I thought they were over their craziness and we would be able to have a nice dinner. I was wrong. I told the kids to take their dinner plates to the table…then, while making a plate for me & Jerry, I hear a huge crash…a plate hits the floor…and Elijah starts screaming. Before I walk in there I immediately think, ‘FOR FU*K’S SAKE…I only made 3 pieces of chicken’ (you know, trying to serve the proper portions to everyone). I, then, expect to hear fighting about who is going to get the towel to clean it all up…but, NOOOOO…Elijah continues screaming. I run into the dining room to find Elijah sprawled out on his chair Superman style…chest against the seat, screaming and crying. (He wasn’t wearing a shirt). Meanwhile, Sophia is doing some sort of nervous laugh/cry. I immediately knew something was up; I just didn’t know what.
I lifted him up and saw that part of his chest was bright red so I took him into the cold shower to calm the burn. (Side note, the food had been in the crock pot for 8 hours…it was HOT!) As I’m frantically and pissedoffically (… yes, it’s my new word) trying to ask Elijah what happened, all he kept saying was, “it’s Sophia’s fault.” Meanwhile, Jerry finally came into the bathroom to see WTF was going on. I mean, a minute and a half had passed by now…where the hell had he been? Anyway, since he started helping Elijah, I went to find Sophia.
While I would like to say that I calmly said something like, “Hey, sweetie. What happened to Elijah?” My actual words were something to the effect of, well, a honey badger drill sergeant screaming, “Sophia, WTF did you do?” She replies, “I accidentally kicked the chair when I was yawning.” …..um, WHAT?! I give her an earful and she ran to her room.
Jerry got Elijah out of the shower. I cleaned up the mess and made Elijah another plate of food. Then, Jerry came storming around the corner and he was on a mission to talk to Sophia. However, he couldn’t find her. He called her name twice. Then, I heard, “Where the FU*K are you?” (Just picture an angry 6’4″ bald man searching for an 8 year old that hid somewhere in the house…it was actually quite funny.) She came out from wherever she was hiding and heard the wrath of Jerry. Now, I have to tell you, it sounds like things are crazy. But, by this time we knew Elijah would be ok…we just had to lay down the law with Sophia. And, I was actually in the kitchen, laughing, at this point. I mean, really. The event was absurd.

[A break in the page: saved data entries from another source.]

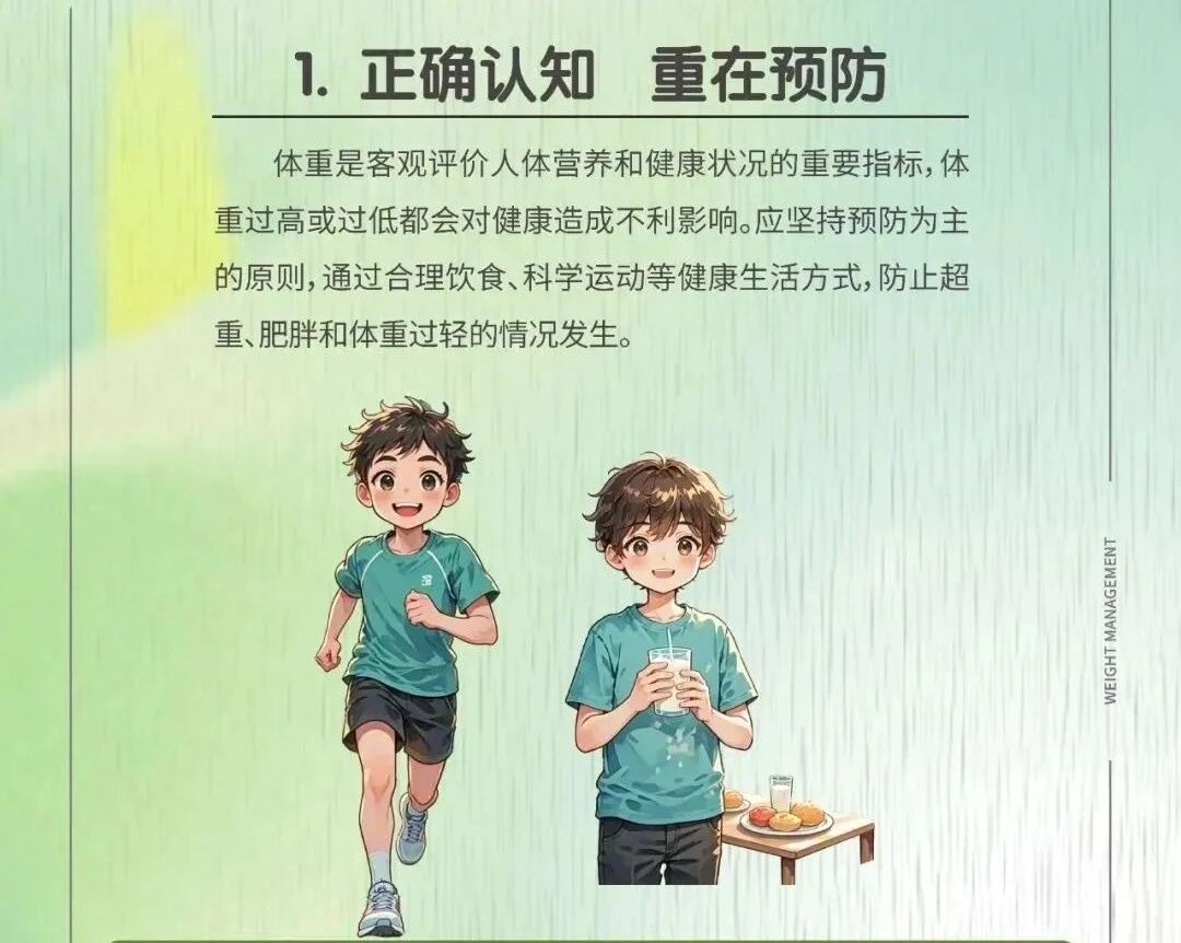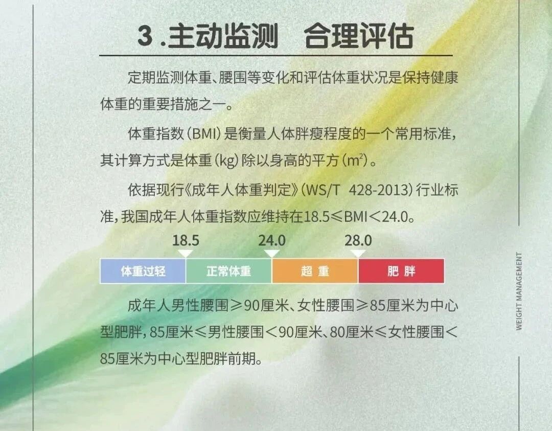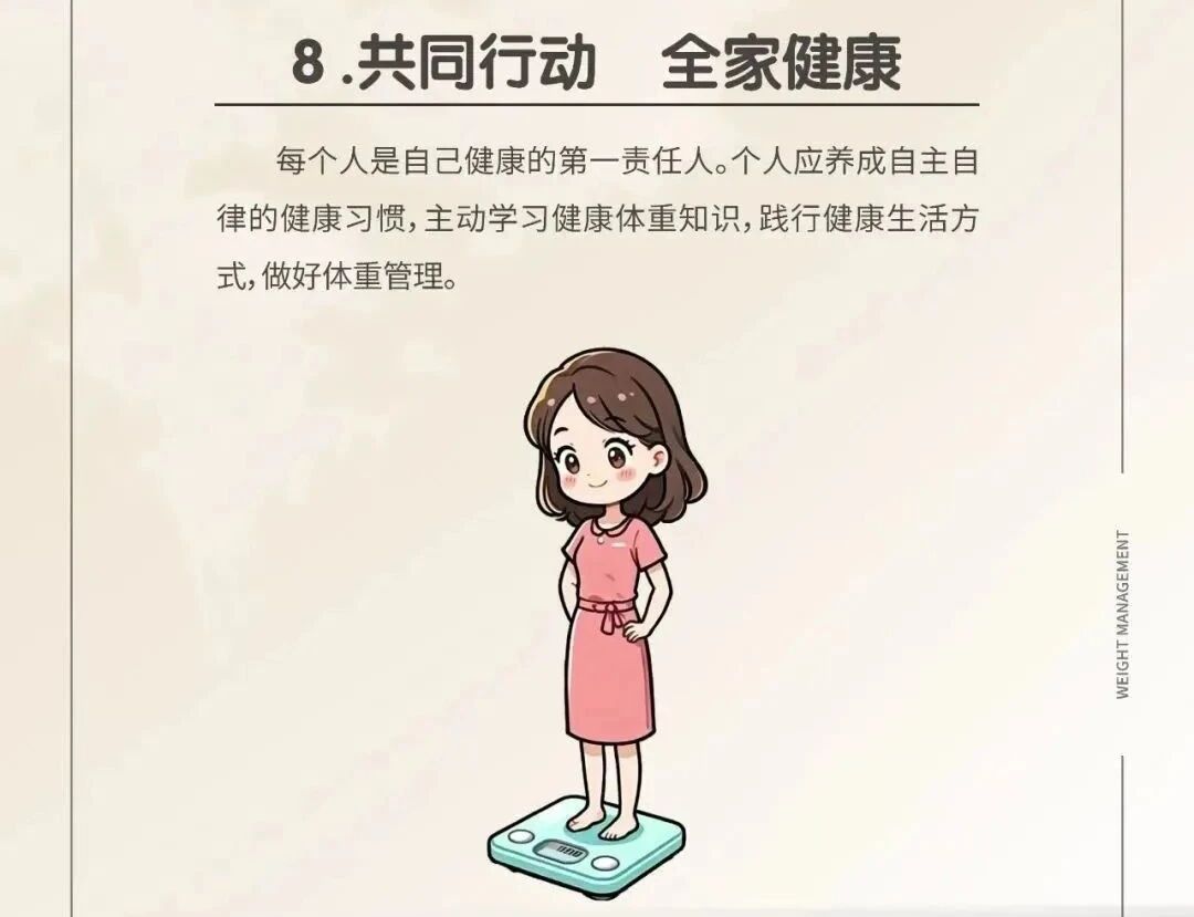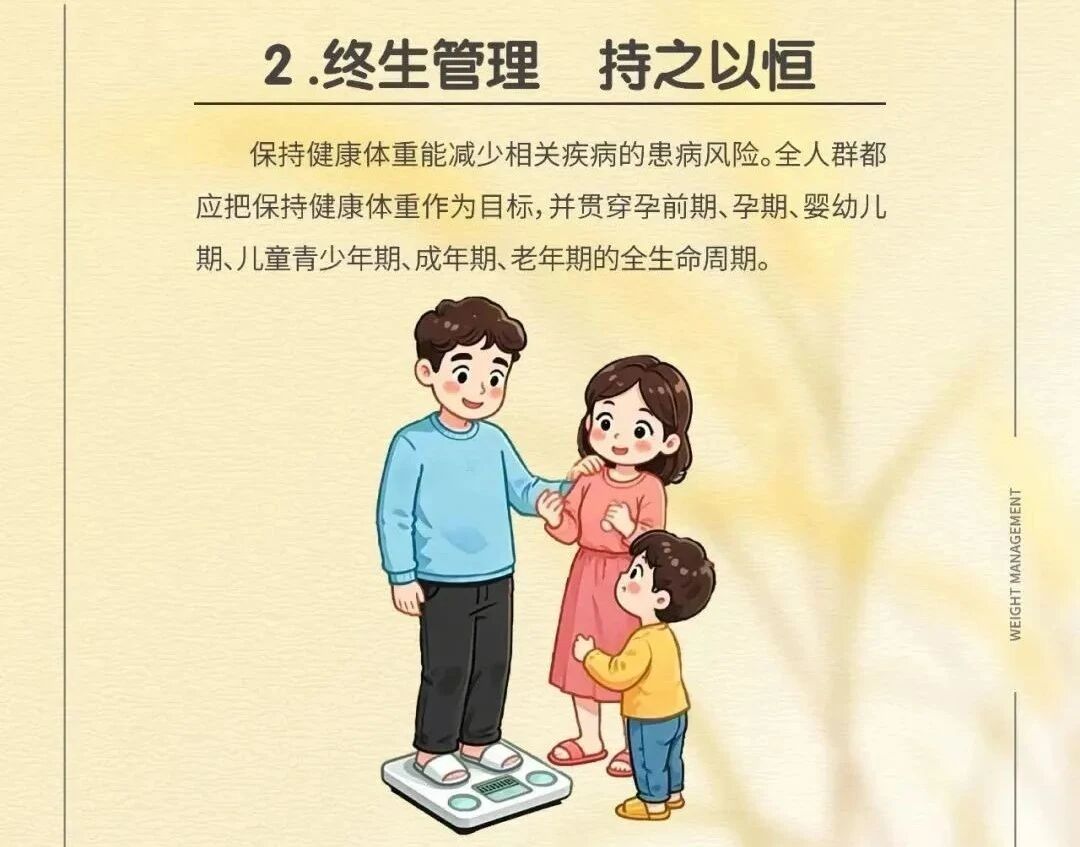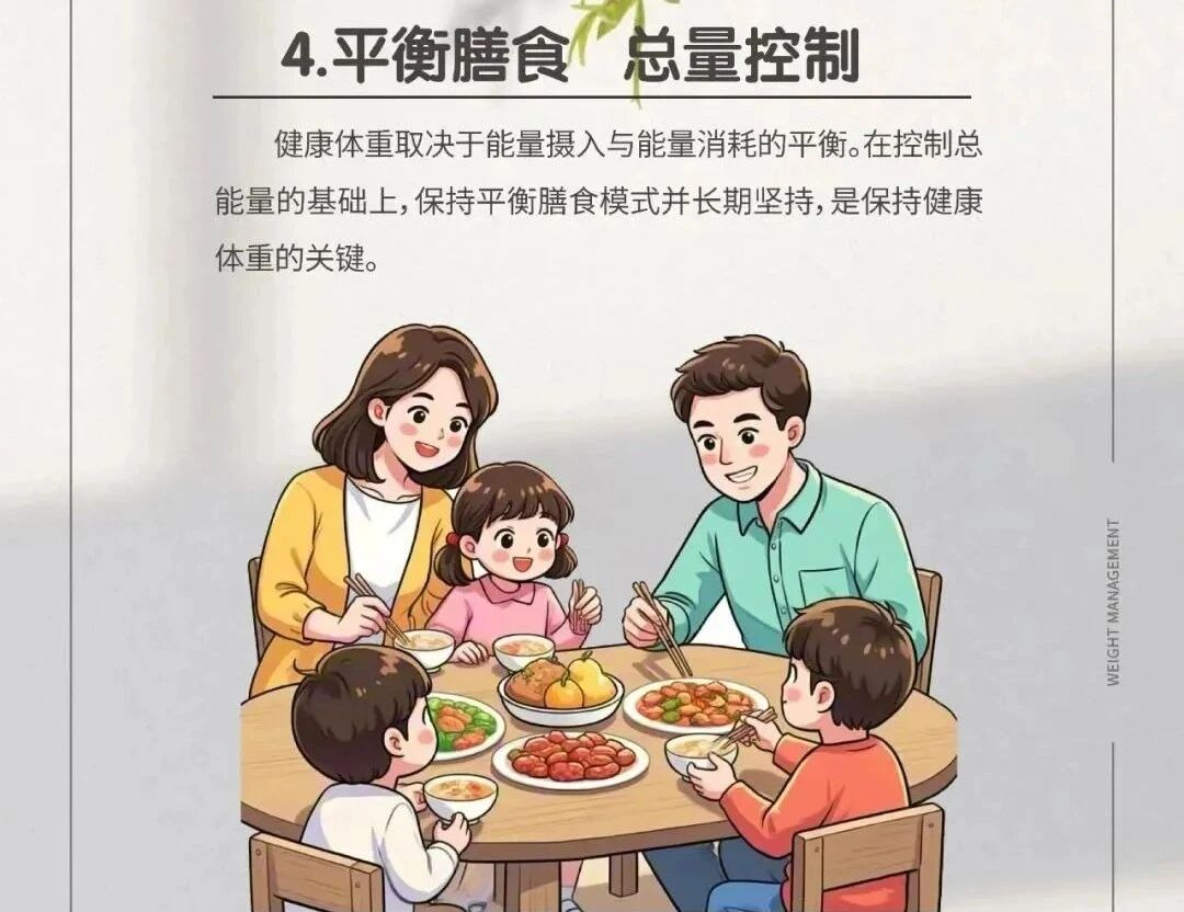 9月份是全民健康生活方式宣传月, 2025年的宣传主题是: 培养健康生活方式, 筑牢家庭健康基石。 健康体重成为社会关注的新焦点。 随着生活水平提高, 超重和肥胖已成为影响居民健康的重要问题。 科学体重管理不仅能降低慢性病风险, 更能提升生活质量。 无论是预防肥胖还是科学减重, 掌握正确方法才能事半功倍, 让体重管理成为守护健康的持久习惯。 当餐桌上的饭菜愈发丰盛,电梯渐渐取代了楼梯,屏幕时间不断挤压运动时光,一个不容忽视的问题正悄然在家庭中蔓延——家庭聚集性肥胖风险。 2025年《中国居民体重管理指南》数据显示,我国成年居民超重肥胖率已突破50%;而《成人健康体重管理白皮书(2025)》进一步指出,尽管73%的受访者具备体重管理意识,但33%的人对自身体重的判断与实际情况存在偏差。视觉上的“不胖”,很可能掩盖了潜在的健康风险,这也正是全家携手行动、共同管理体重的关键意义所在。 国家卫健委推荐的“胖瘦金标准”明确:体重指数(BMI)的计算方式为体重(kg)除以身高(m)的平方,其健康范围为18.5-23.9;若≥24则属于超重,≥28便判定为肥胖。 除了体重,腰围更是预警“隐形杀手”的重要指标——男性腰围需控制在85cm以内,女性需控制在80cm以内。一旦腰围超标,患上高血压、糖尿病等慢性病的风险将会成倍增加。 健康体重管理需践行“三知一管”理念,即知晓标准、监测变化、掌握方法、科学管理。具体落地可分为以下三步: 1. 设定合理减重目标(新手入门必看) - 每周减重0.5-1斤,相当于每天少吃1碗饭+多走5000步。 - 6个月内减掉初始体重的5%-15%,例如160斤人群,目标减重8-24斤。 2. 推行“吃饭改造计划”,轻松控量 遵循“211餐盘法”:每餐包含2份蔬菜(约500g)、1份优质蛋白(如1个鸡蛋+1掌心量肉类)、1份全谷物主食(1拳头米饭)。烹饪优先选择蒸煮炖拌,减少煎炸烤;放慢进食速度(每口咀嚼20-30次)、使用小号餐具,可减少15%-20%的食物摄入量。 特别提醒:北方人群需减少大酱食用,南方人群应避开糖醋汁、什锦酱等高热量调味。 示例食谱: - 早餐:鸡蛋+杂粮粥+1个苹果 - 午餐:清蒸鱼+糙米饭+凉拌菠菜 - 晚餐:豆腐汤+玉米+西蓝花 3. 掌握“不痛苦运动法”,随时随地动起来 - 上班族:每天快走通勤20分钟,午休时做拉伸,累计每周运动150分钟。 - 大体重人群:选择水中走路(减轻膝盖压力)、椅子深蹲等低负担运动。 - 懒人巧运动:看剧时抬腿、等电梯时踮脚,碎片化时间也能活动身体。 ❌ 误区:节食减肥(降低代谢,易反弹)、水果代餐(荔枝、榴莲热量堪比米饭) 从体重秤上的数字到餐桌上的搭配,健康体重管理从来不是个人的“战役”。当全家一起把“称体重、测腰围”变成像吃饭睡觉一样的日常,把“211餐盘”和“饭后散步”融入生活,健康的种子便会在家庭土壤中生根发芽。这个秋天,就让“一秤一尺一日历”成为你家的新成员吧
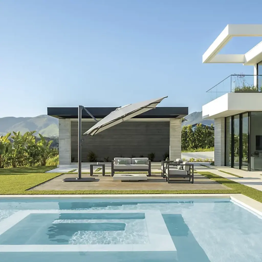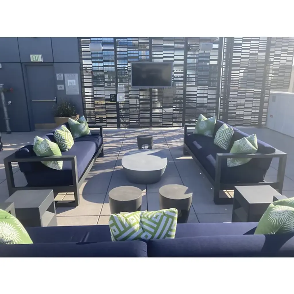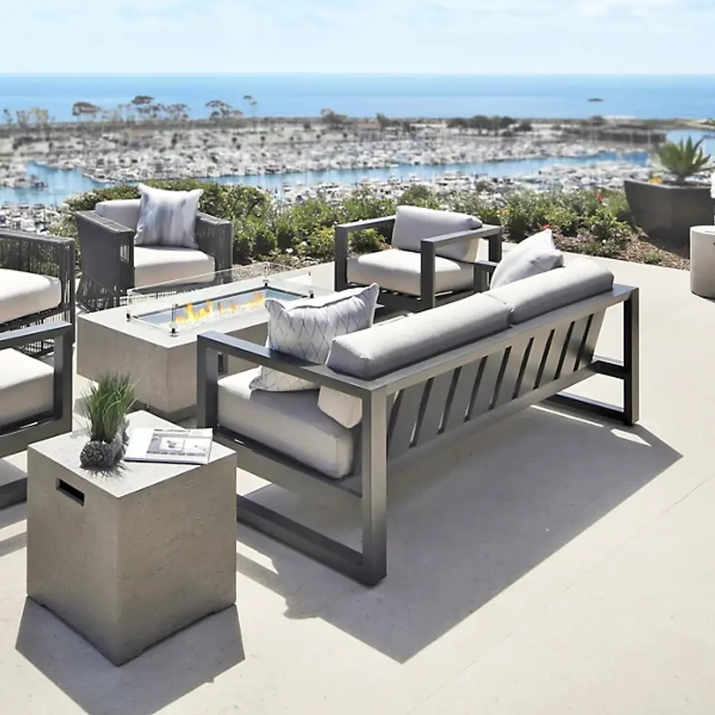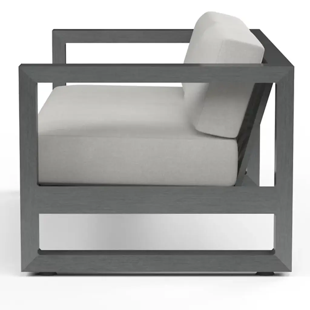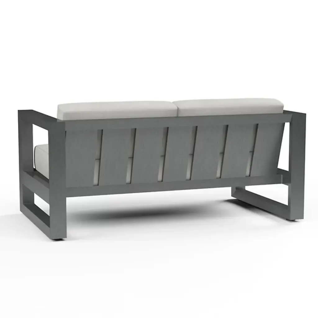 The Redondo Outdoor Loveseat Sofa from Sunset West channels mid-century geometry through its deliberately low back and angular aluminum frame that forms clean rectangular shapes. Bold horizontal emphasis grounds seating arrangements with strong directional lines that echo modernist principles. Its compact two-person scale suits smaller outdoor spaces while delivering maximum design impact. Generous cushioning softens the structured framework, creating comfortable lounging areas where retro-inspired aesthetics meet contemporary outdoor living needs.
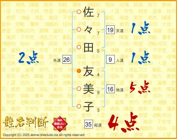 佐(7画)々(7画)田(5画) 友(4画)美(9画)子(3画)
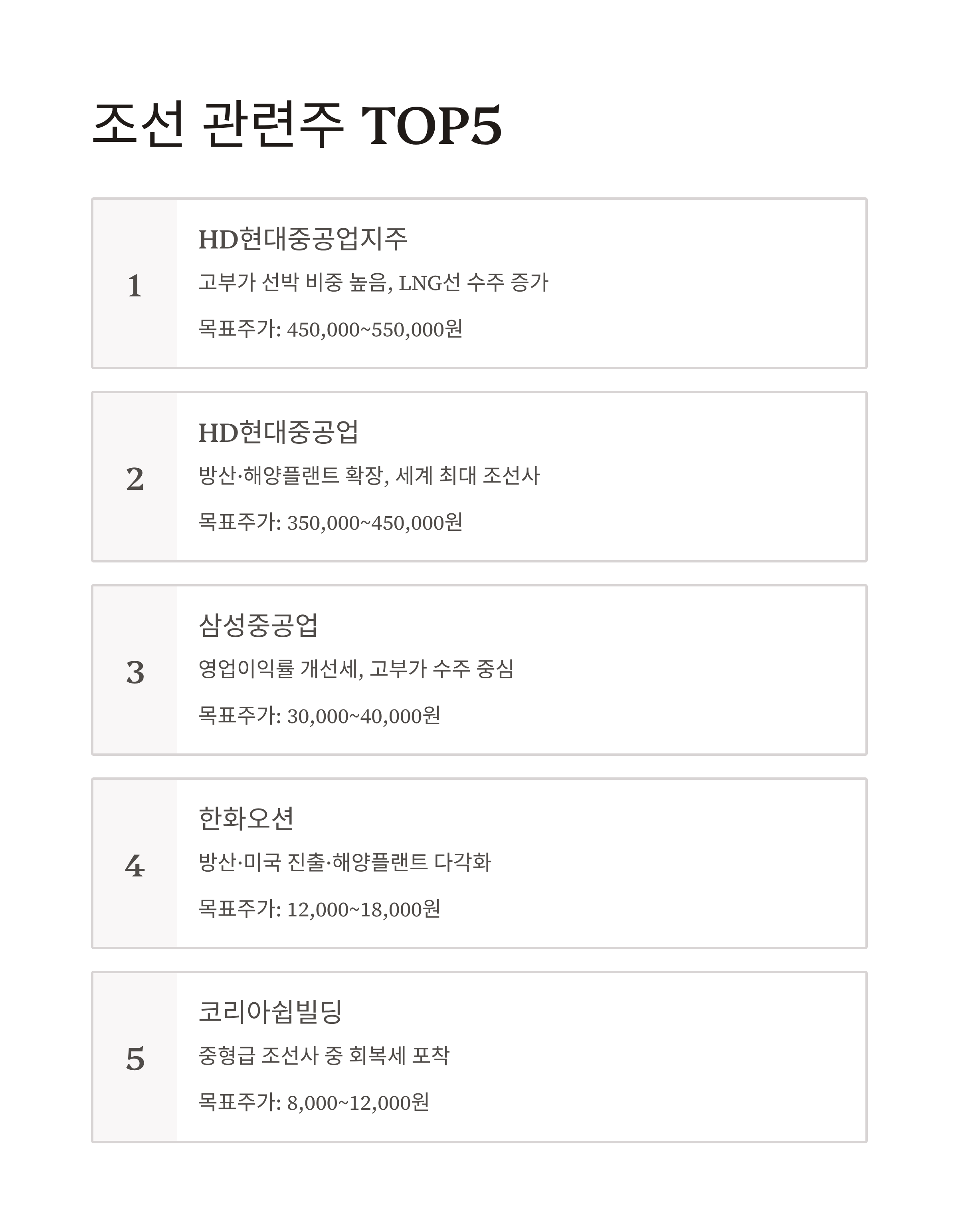 | HD현대중공업지주 (009540) | 고부가 선박 비중 높고, LNG선 수주 증가 추세 | 납기 지연, 원자재 가격 상승 | 450,000 ~ 550,000원 |

Jerry brought Sophia to the table then started to walk away. I ask where he was going. My pissedoffedness (….yep, another new word) had made me really hungry. I was ready to eat. Know what he said? “I’ve got to go back to the bathroom so I can finally wipe my ass…” So, THAT’S what took him so long to come see what was going on…
I lost it…laughing hysterically. The kids were confused. They didn’t know whether to laugh at Jerry or cry because of what happened.
Needless to say, lessons were learned tonight. A plate of food was ruined. We all lived. Everyone is calm now. Elijah’s chest isn’t red anymore and isn’t hurting him, thank goodness.
And, in case you’re wondering, Elijah had set his plate on the edge of the table, Sophia kicked his chair just as he was sitting down. Elijah lost his balance and the plate of hot food flipped onto his chest. He laid Superman style on his chair to try to wipe the food off of his chest.
How is your night? Anything exciting or absurd going on in your house?